No pertenezco a ningún partido, grupo religioso o político ni soy “santista” o cualquier bicho parecido. Sólo soy simpatizante de la HISTORIA y de lo que ella nos pueda enseñar y nosotros estemos dispuestos a asimilar. Mi voto es libre y soberano.

Y como aún no es el día de las elecciones, sí conviene tomar estos días para análisis y reflexión. Antes que comience la presión a través del bombardeo televisivo, radial, impreso, grupal, institucional, etc., conviene examinar con lupa retrospectiva y proyectiva què nos depararía el futuro si uno se adhiere a las tesis y propuestas de ciertos partidos, movimientos, líderes políticos y religiosos, etc. Pienso que el candidato etc., cada vez está cogiendo más auge (trataré de seguirle más la pista).

Por esta vez me concentraré en lo que llaman Centro Democrático. Aunque es un ente o engendro aparentemente nuevo, esa agrupación es un eterno reencauche de lo caduco.
Para los santandereanos de a pie, no es un misterio vislumbrar un futuro más sombrío y relegado si se vota por algún candidato que se haya postulado por el autodenominado Centro Democrático. Pensamos que es lo más polarizado que hay como manifestación. “Por sus frutos los conocéreis” y francamente quien manda la parada en ese ente político y piensa lo que se debe hacer y se hace, fué demasiado poco lo que hizo por los santandereanos. Lo tuvo todo por hacer y más bien perjudicó el futuro porque hasta en cierta medida logró “engavetar” proyectos tales como la carretera al Alto EL ESCORIAL y el embalce del Cínera hasta el punto que hoy resultan utópicos a pesar del impacto que pudieran tener sobre la generación de empleo y oportunidades para la región hoy que se está pasando las verdes y las maduras sin ningún horizonte.

Para mi en lo personal, Uribe no es confiable y no pienso darle con mi voto una nueva oportunidad a él o sus seguidores simplemente porque sé que a pesar del ego totalitarista promocional que tuvo como figura política, sigue en una época que ya pasó de cacicazgo y de la cual debemos salir los colombianos. No se puede ir hacia adelante ni salir avante con la mirada puesta en el hígado de una sola persona que como humano, se equivocó demasiado así lo manifieste que tiene las mejores intenciones. Ya en esas “zanahorias” no creo.

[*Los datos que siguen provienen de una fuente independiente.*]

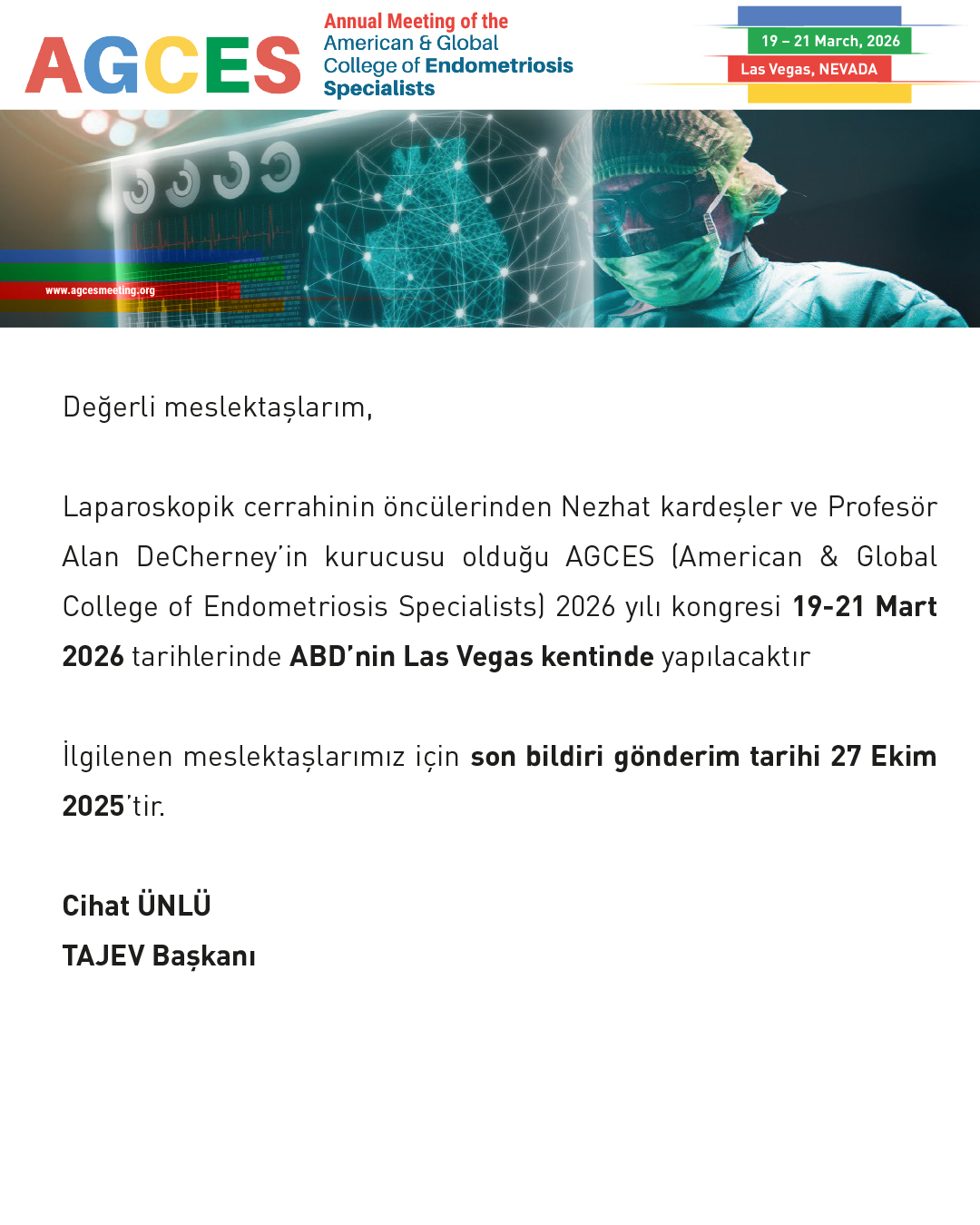 Laparoskopik cerrahinin öncülerinden Nezhat kardeşler ve Profesör Alan DeCherney'in kurucusu olduğu AGCES (American & Global College of Endometriosis Specialists) 2026 yılı kongresi 19-21 Mart 2026 tarihlerinde ABD'nin Las Vegas kentinde yapılacaktır

Votar por un candidato del perversamente autodenominado a un Consejo, a una Asamblea Departamental,o a una la Alcaldía o a la Cámara de Representantes o al Senado de la República o la Presidencia, implica (con la venia de quien esto lee), una irresponsabilidad y falta de compromiso para con el futuro de la Patria y la Paz. Poco servicio se le hace a Colombia si no se vota y daño de verdad si caemos en la trampa de creer lo que prometa nuevamente el Centro Democrático.

Para concluir: Como Santadereano que se respete, digo que NO votaré por Uribe y tampoco votaré por nada ni nadie que me “huela” a Uribe a nivel nacional, regional o local. Los totalitarismos tanto de izquierda como de derecha hay que aborrecerlos porque ambos son dañinos y aquí en la frontera de ambos llevamo0s muchos años ya padeciendo.